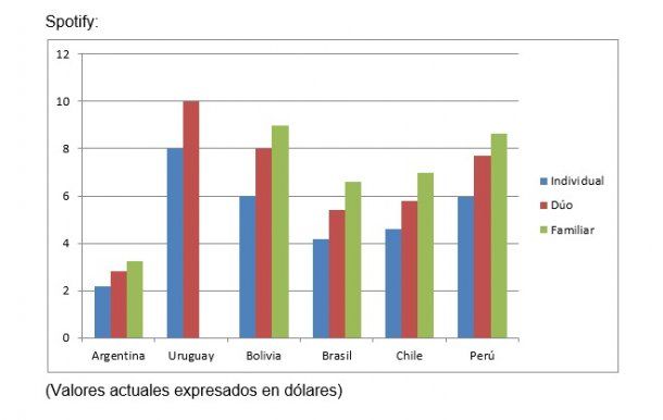 Con solo comparar los datos de los costos en dólares de los distintos planes mensuales de suscripción (Plan Individual; Plan Dúo y Plan Familiar) que figuran en los sitios oficiales de Spotify en Argentina y la región, puede verse que nuestro país con los aumentos incluidos, representan las tarifas más bajas.
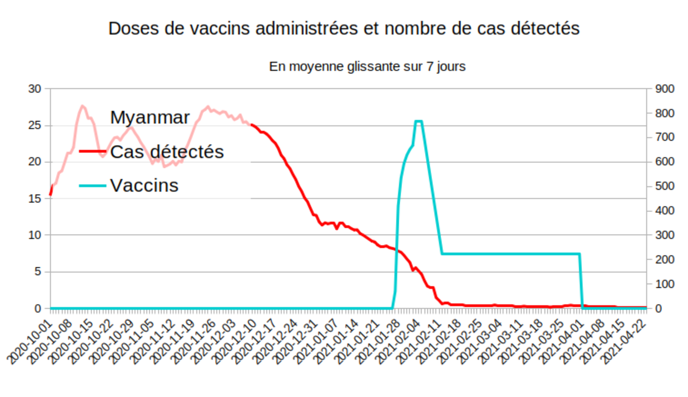 On pourrait d’ailleurs se demander si tout cela n’est pas qu’une seule et même coïncidence : peut-être que la vague épidémique de cet hiver concernait la plupart des pays d’une zones géographique à peu près en même temps, et que ce moment correspondait à la livraison des vaccins ? Quelques exemples semblent écarter cette hypothèse : en Israël, le départ épidémique s’est produit dès décembre 2020, en Jordanie en janvier, en Turquie en février et en Iran en mars.
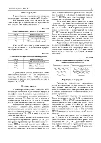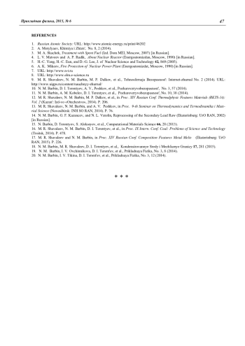 N. M. Barbin, M. R. Shavaleev, D. I. Terentyev, and S. G. Alexeev Computer modeling of processes with actinides in radioactive graphite at heating in a nitrogen atmosphere 42
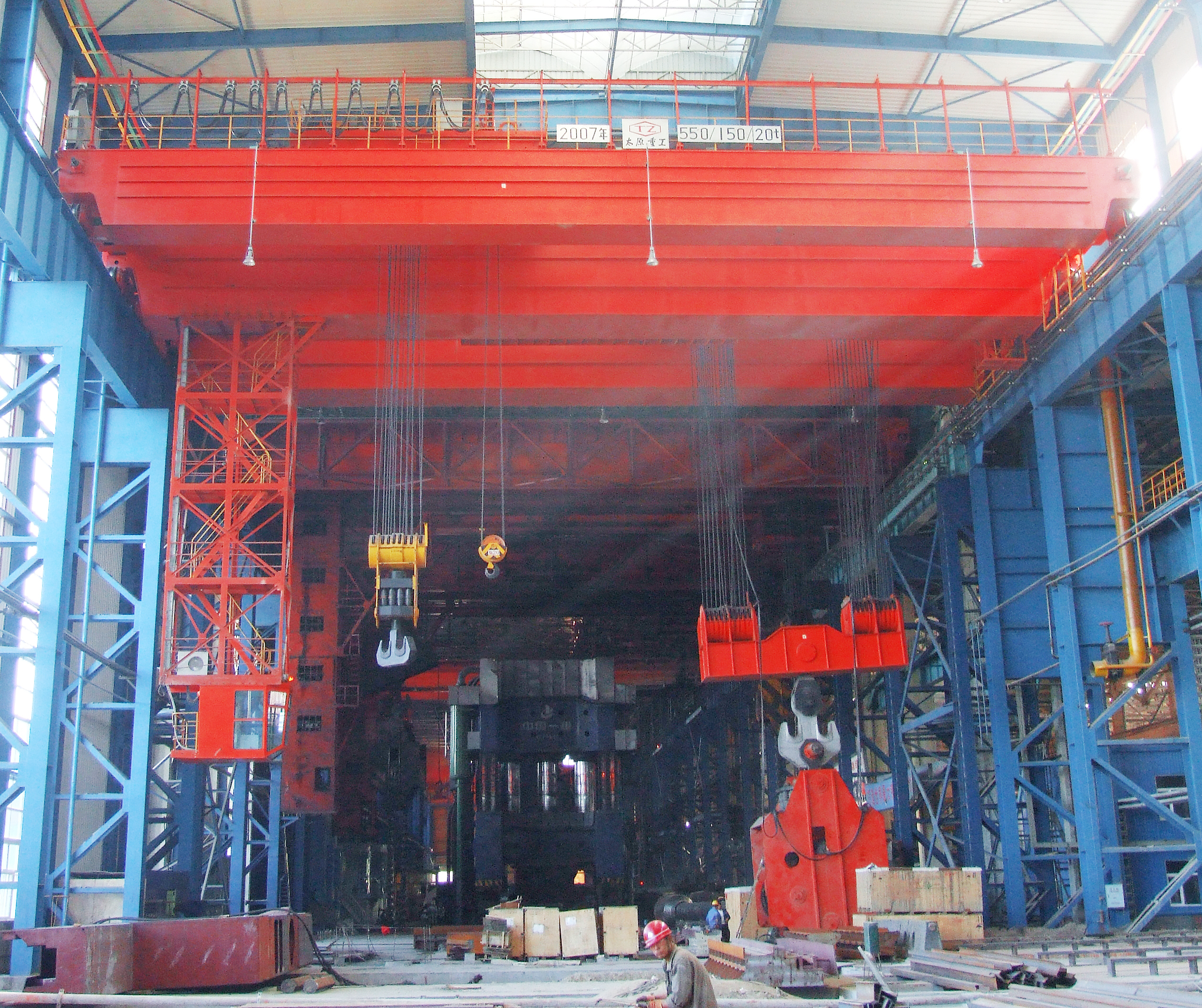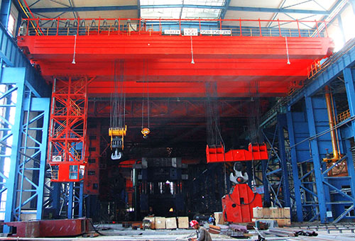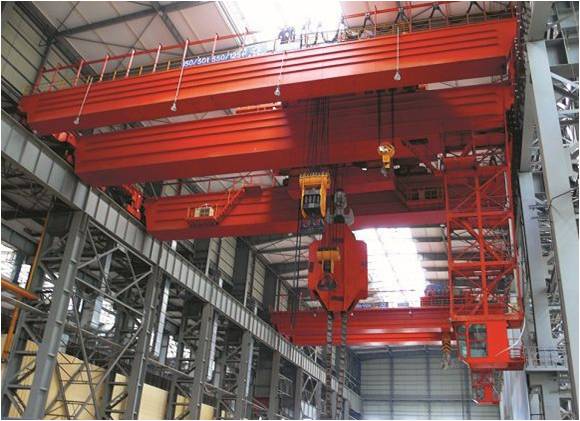 鍛造起重機(jī)工作時(shí),主、副鉤配合吊起工件,通過專用吊具(翻料機(jī))翻轉(zhuǎn)工件,工件被調(diào)整到適當(dāng)角度后放置于液壓機(jī)砧板上,液壓機(jī)開始工作。重復(fù)上述工作若干,直到工件被鍛造成合格品。由于鍛造過程中整機(jī)將受到較大的沖擊載荷,因此鍛造起重機(jī)設(shè)置有緩沖裝置及松閘裝置。此外鍛造起重機(jī)還擔(dān)負(fù)著廠房內(nèi)物料吊運(yùn)及設(shè)備安裝、維護(hù)等工作。
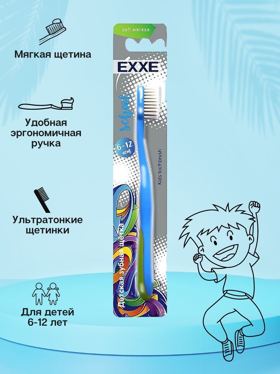 Зубная щётка мягкая для детей EXXE School. Особые мягкие и ультратонкие щетинки деликатно и бережно воздействуют на зубную эмаль, не травмируя поверхность зубов. Удобный изгиб ручки позволяет легко и без дополнительного давления на дёсны очистить дальние поверхности. Полированные щетинки имеют идеальную скругленную форму, что с одной стороны, позволяет добиться более высокого очищающего эффекта, а с другой – деликатно и бережно воздействуют на зубную эмаль, не травмируя поверхность зубов.
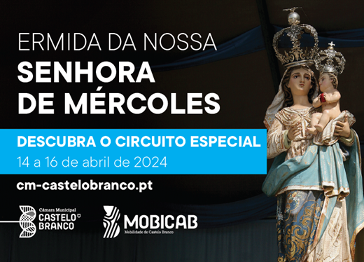 Nos dias 14, 15 e 16 de abril, a Câmara Municipal de Castelo Branco disponibiliza aos munícipes um serviço especial de transporte, gratuito, desde a cidade até à Ermida de Nossa Senhora de Mércoles.
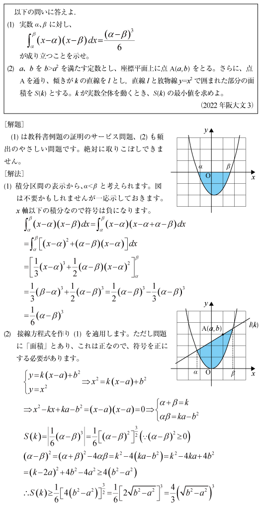 [B]2次関数と弦で囲む領域の面積公式の問題(2022年阪大文3)
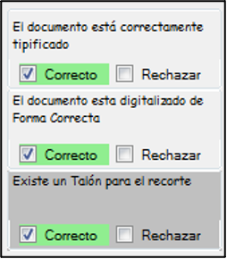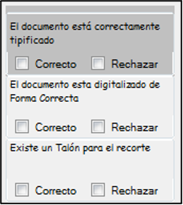 Esta sección se actualizará dependiendo del tipo de documento que se esté revisando. Para marcar correcto o rechazar un campo se puede hacer dando clic en el cuadro de selección, solamente se mostrarán habilitados los campos para validar los campos configurados.
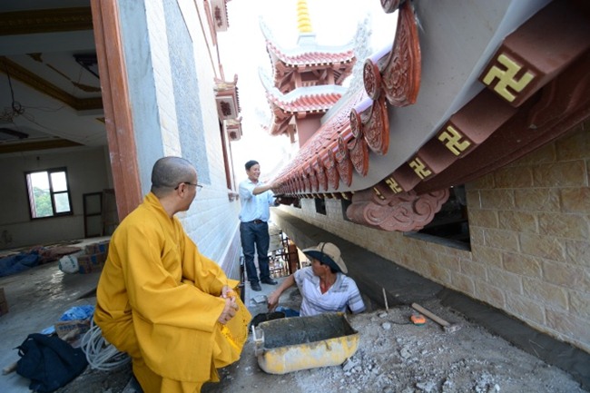 TT. TS: Thích Nhật Từ chỉ đạo thực hiện các hoa văn họa tiết đang được hoàn thiện dần.
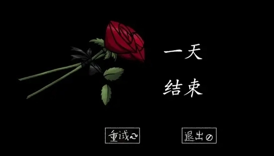 4、但是我们如果在第二个选择时,我们选择不接受玫瑰,就会看到一张卡片,什么写着我会自杀死亡。
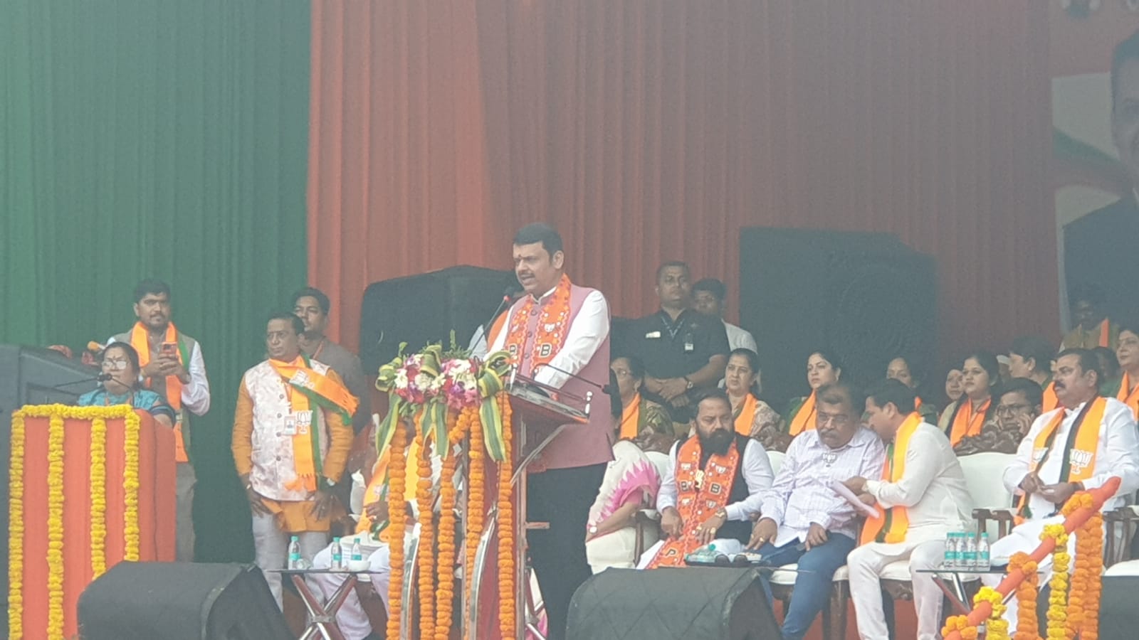 भाजप-शिवसेना महायुतीच्या उमेदवारांच्या प्रचारासाठी येथील छत्रपती शिवाजी महाराज चौकात आज बुधवारी सायंकाळी ४ वाजता प्रचार सभा आयोजित केली होती. या प्रसंगी मंचावर मुख्यमंत्री देवेंद्र फडणविस, भाजप प्रदेशाध्यक्ष रवींद्र चव्हाण, माजी केंद्रीय मंत्री कपिल पाटील, आमदार महेश चौघुले व महायुतीचे सर्व उमेदवार व पदाधिकारी व्यासपीठावर उपस्थित होते.
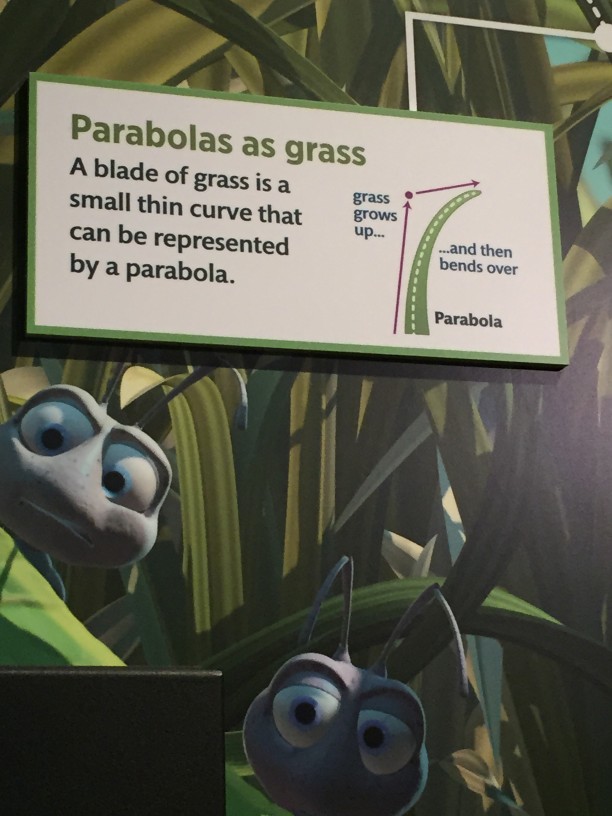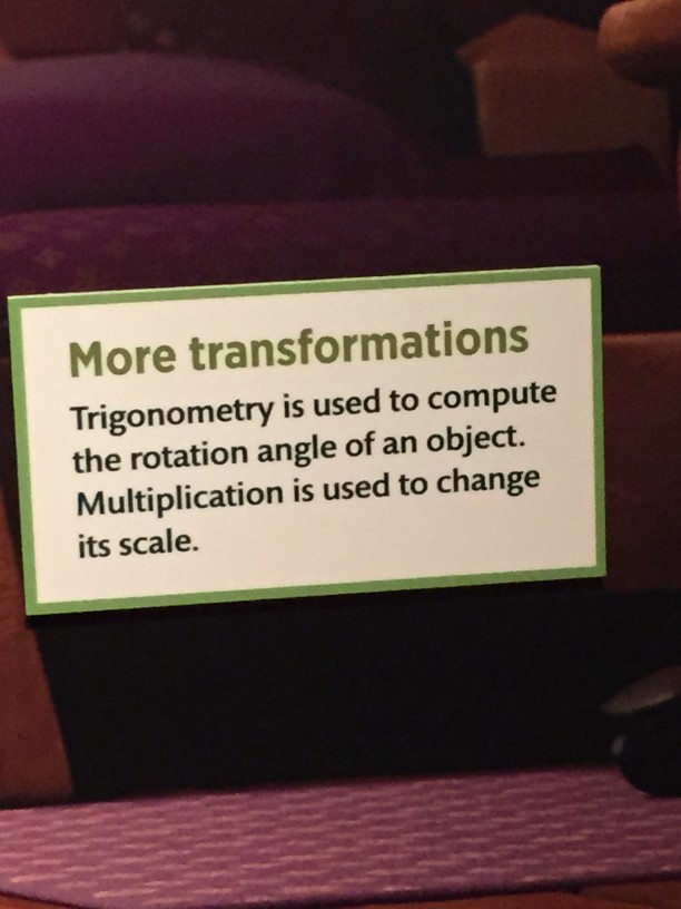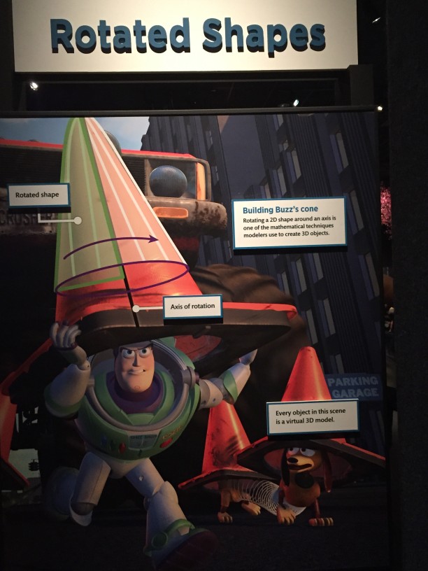The Museum of Science in Boston is currently hosting an interactive exhibit called “The Science behind Pixar.” This science turns out to be primarily a combination of transformations and mathematical models. Animation, of course, used to be the result of thousands of cels painstakingly drawn by hand by dozens (hundreds?) of artists. But today the use of computer technology lets it be far more elaborate and realistic. Surprisingly, the museum allows photography for this exhibit, so here are some of my photos along with some of my comments relating them to math teaching.
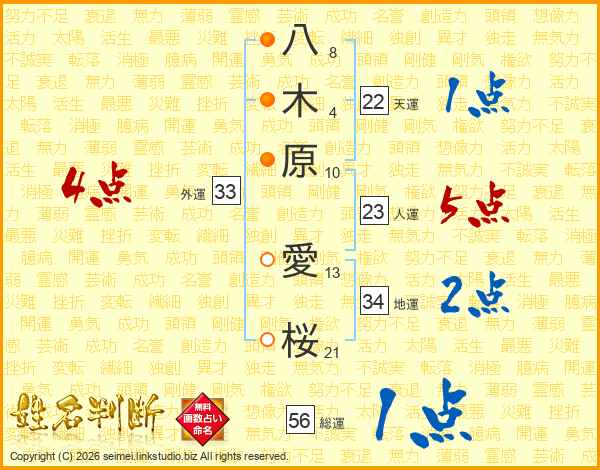 八木原愛桜さんの外運は33画の4点!

_ _ _ _ _ _ _

• _REQUIRED WORK_:
Repeat the records above exactly, from the first line through the line containing "Esta sección se", and leave out the pictures.

• _RESPONSE TO THE TASK_:
 Con solo comparar los datos de los costos en dólares de los distintos planes mensuales de suscripción (Plan Individual; Plan Dúo y Plan Familiar) que figuran en los sitios oficiales de Spotify en Argentina y la región, puede verse que nuestro país con los aumentos incluidos, representan las tarifas más bajas.
 On pourrait d’ailleurs se demander si tout cela n’est pas qu’une seule et même coïncidence : peut-être que la vague épidémique de cet hiver concernait la plupart des pays d’une zones géographique à peu près en même temps, et que ce moment correspondait à la livraison des vaccins ? Quelques exemples semblent écarter cette hypothèse : en Israël, le départ épidémique s’est produit dès décembre 2020, en Jordanie en janvier, en Turquie en février et en Iran en mars.
 N. M. Barbin, M. R. Shavaleev, D. I. Terentyev, and S. G. Alexeev Computer modeling of processes with actinides in radioactive graphite at heating in a nitrogen atmosphere 42
 鍛造起重機(jī)工作時(shí),主、副鉤配合吊起工件,通過專用吊具(翻料機(jī))翻轉(zhuǎn)工件,工件被調(diào)整到適當(dāng)角度后放置于液壓機(jī)砧板上,液壓機(jī)開始工作。重復(fù)上述工作若干,直到工件被鍛造成合格品。由于鍛造過程中整機(jī)將受到較大的沖擊載荷,因此鍛造起重機(jī)設(shè)置有緩沖裝置及松閘裝置。此外鍛造起重機(jī)還擔(dān)負(fù)著廠房內(nèi)物料吊運(yùn)及設(shè)備安裝、維護(hù)等工作。
 Зубная щётка мягкая для детей EXXE School. Особые мягкие и ультратонкие щетинки деликатно и бережно воздействуют на зубную эмаль, не травмируя поверхность зубов. Удобный изгиб ручки позволяет легко и без дополнительного давления на дёсны очистить дальние поверхности. Полированные щетинки имеют идеальную скругленную форму, что с одной стороны, позволяет добиться более высокого очищающего эффекта, а с другой – деликатно и бережно воздействуют на зубную эмаль, не травмируя поверхность зубов.
 Nos dias 14, 15 e 16 de abril, a Câmara Municipal de Castelo Branco disponibiliza aos munícipes um serviço especial de transporte, gratuito, desde a cidade até à Ermida de Nossa Senhora de Mércoles.
 [B]2次関数と弦で囲む領域の面積公式の問題(2022年阪大文3)
 Esta sección se actualizará dependiendo del tipo de documento que se esté revisando. Para marcar correcto o rechazar un campo se puede hacer dando clic en el cuadro de selección, solamente se mostrarán habilitados los campos para validar los campos configurados.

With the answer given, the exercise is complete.